When solving A system by graphing how can you tell if the solution is the equation of the line
When solving a system of equations by graphing, you can tell if the solution is the equation of the line by observing the point(s) of intersection on the graph.
Here's how to determine if the solution is the equation of the line:
1. Graph the system of equations: Start by graphing each equation on the same coordinate plane.
2. Identify the point(s) of intersection: Look for the point(s) where the graphs of the equations intersect each other.
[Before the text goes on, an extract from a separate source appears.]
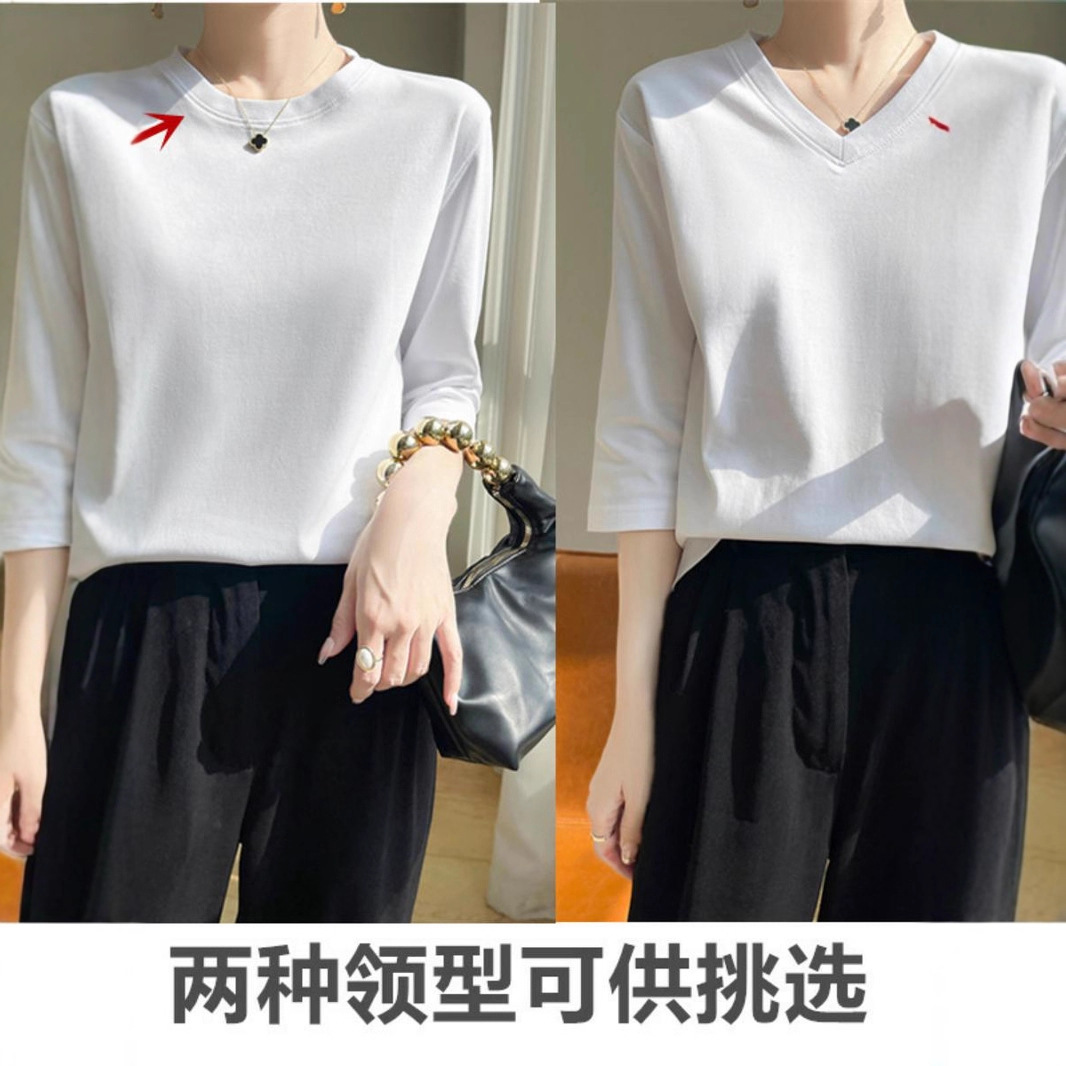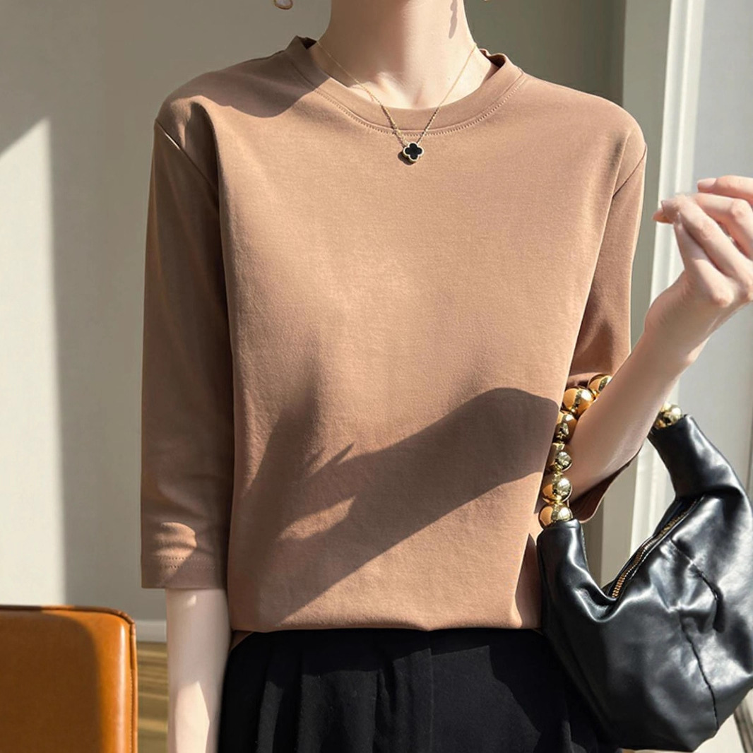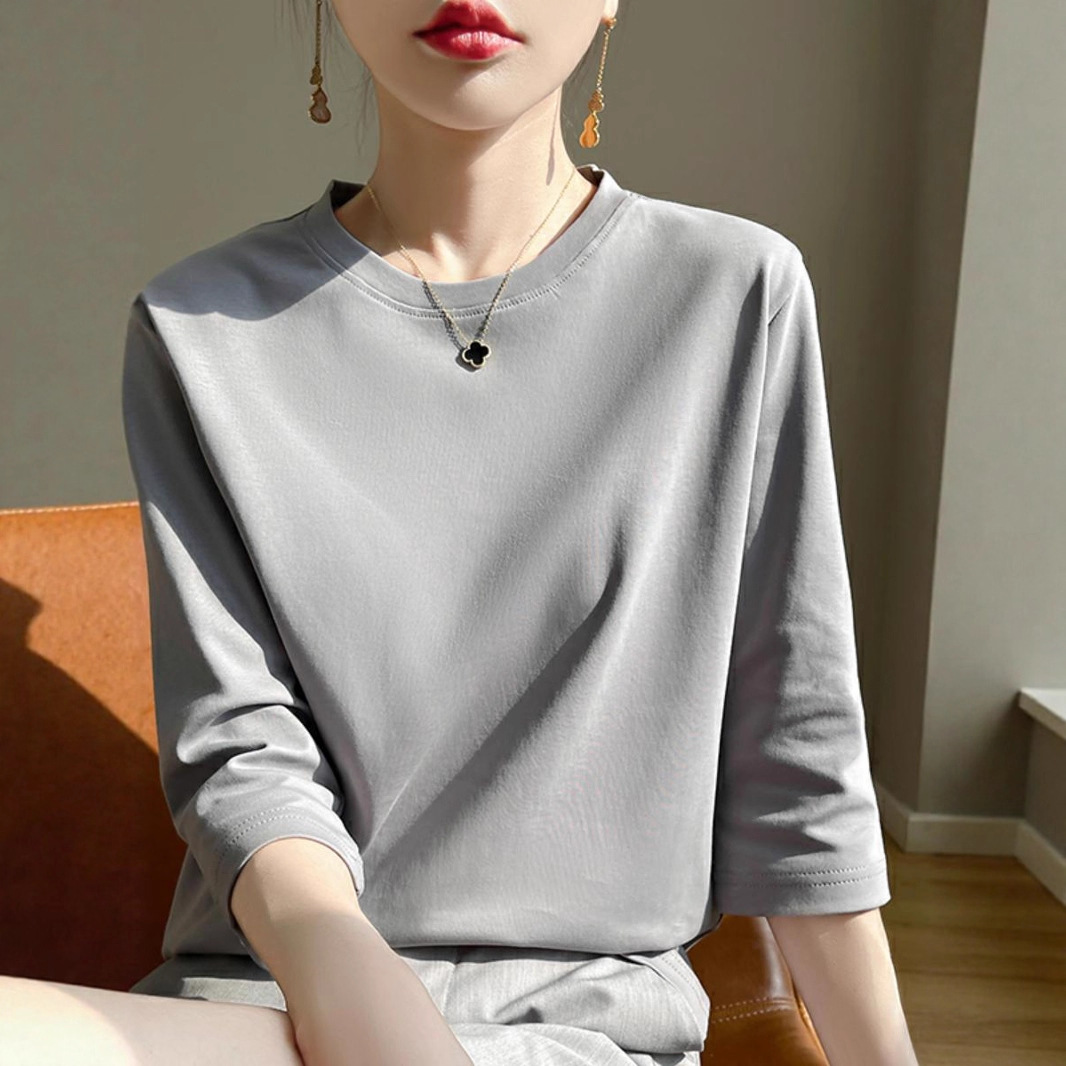 여성용 미드 슬리브 탑 하이 엔드 코튼 2025 새로운 루즈 여름 슈트, 얇은 티셔츠 포함

If there is no intersection, it means that the system probably has no solution or does not have a unique solution.
3. Substitute the point(s) into the equations: Take the coordinates of the point(s) of intersection and substitute them into each of the original equations. If the substituted values satisfy both equations, then the point(s) represent the solution(s) to the system.
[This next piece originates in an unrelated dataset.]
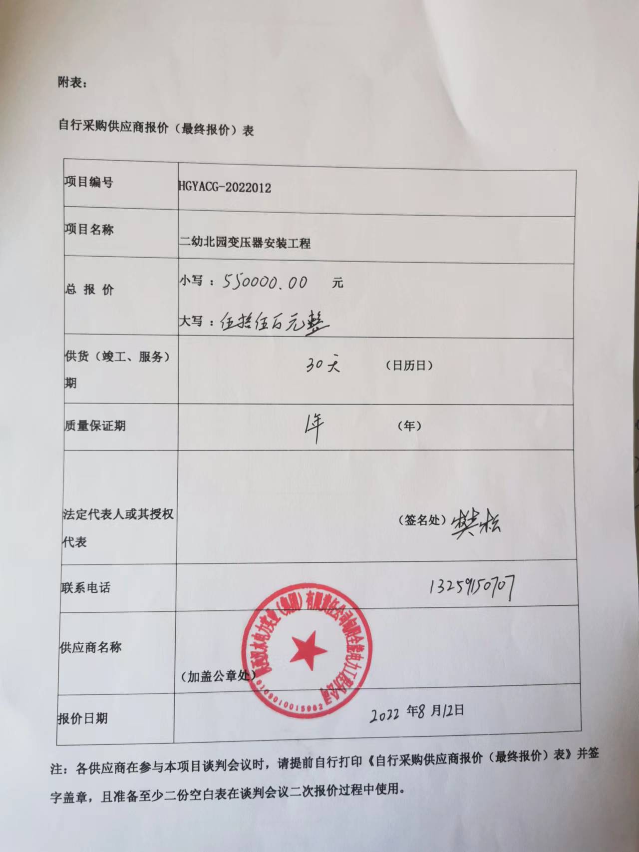 2022年8月15日二幼北园变压器安装工程中标(成交)结果公告 |

4. Determine if the equation(s) match: Finally, check if the equation(s) you obtained by substituting the point(s) of intersection into the original equations match the given equation for the line. If they do, then the solution to the system represents the equation of the line.
Note that it is possible to have more than one point of intersection, in which case you will have multiple solutions. Additionally, if one of the equations is a multiple of the other, the system will have infinitely many solutions, and the equation of the line will be the same for both equations.
Always double-check your solution by substituting it back into the original equations to ensure accuracy.